Re: core dump analysis, was Re: stack smashing detected

To: Michael Schmitz <schmitzmic@gmail.com>
Cc: debian-68k@lists.debian.org, linux-m68k@lists.linux-m68k.org
Subject: Re: core dump analysis, was Re: stack smashing detected
From: Finn Thain <fthain@linux-m68k.org>
Date: Tue, 4 Apr 2023 14:05:06 +1000 (AEST)
Message-id: <[🔎] 69f70488-b84d-7c24-d001-529896f3bd34@linux-m68k.org>
In-reply-to: <[🔎] d6bdf882-9470-4d05-bd3c-36a1f3410fc1@gmail.com>
References: <4a9c1d0d-07aa-792e-921f-237d5a30fc44.ref@yahoo.com> <8042d988-6dd9-8170-60e9-cdf19118440f@yahoo.com> <a8f06e4b-db28-c8f9-5e21-3ea0f3eebacd@linux-m68k.org> <bb27b393-3d02-f42c-5c7f-c27d4936ece9@linux-m68k.org> <37da2ca2-dd99-8417-7cae-a88e2e7fc1b6@yahoo.com> <30a1be59-a1fd-f882-1072-c7db8734b1f1@gmail.com> <39f79c2d-e803-d7b1-078f-8757ca9b1238@yahoo.com> <c47abfdc-31c8-e7ed-1c14-90f68710f25d@gmail.com> <040ad66a-71dd-001b-0446-36cbd6547b37@yahoo.com> <5b9d64bb-2adc-20a2-f596-f99bf255b5cc@linux-m68k.org> <56bd9a33-c58a-58e0-3956-e63c61abe5fe@yahoo.com> <1725f7c1-2084-a404-653d-9e9f8bbe961c@linux-m68k.org> <e10b8e06-6a36-5c83-89da-bec8fd7d3ed9@linux-m68k.org> <19d1f2ac-67dd-5415-b64a-1e1b4451f01e@linux-m68k.org> <[🔎] ef5bcf6f-3541-50c2-9b6a-5e9d2f9c68d5@linux-m68k.org> <[🔎] 6c4d497e-6f0e-35cc-908e-9ef98151a56a@gmail.com> <[🔎] 44c29a26-a470-c03a-da55-0a9f6d347edd@linux-m68k.org> <[🔎] d6bdf882-9470-4d05-bd3c-36a1f3410fc1@gmail.com>

On Mon, 3 Apr 2023, Michael Schmitz wrote:

> Am 02.04.2023 um 21:31 schrieb Finn Thain:
> >
> >>
> >> Maybe an interaction between (multiple?) signals and syscall 
> >> return...
> >
> > When running dash from gdb in QEMU, there's only one signal (SIGCHLD) 
> > and it gets handled before __wait3() returns. (Of course, the "stack 
> > smashing detected" failure never shows up in QEMU.)
> 
> Might be a clue that we need multiple signals to force the stack 
> smashing error.

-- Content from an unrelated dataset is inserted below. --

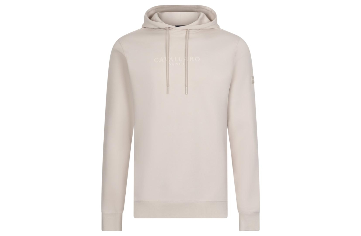 Cavallaro Murano Hoodie 120261009. Dit rechtvallend model heeft een capuchon met trekkoorden en lange mouwen. Deze beige hoodie van Cavallaro is voorzien van een buidelzak en afgewerkt met een logo op de voorzijde en op de mouw.

And we might not get that in QEMU, due to the faster 
> execution in emulating on a modern processor.
> 

Right -- being that the failure is intermittent on real hardware, it's not 
surprising that I can't make it show up in QEMU or Aranym.

But no-one has reproduced it on Atari or Amiga hardware yet so I guess it 
could be a driver issue...

I wonder whether anyone else is actually running recent Debian/SID with 
sysvinit and without a Debian initrd on a Motorola 68030 system.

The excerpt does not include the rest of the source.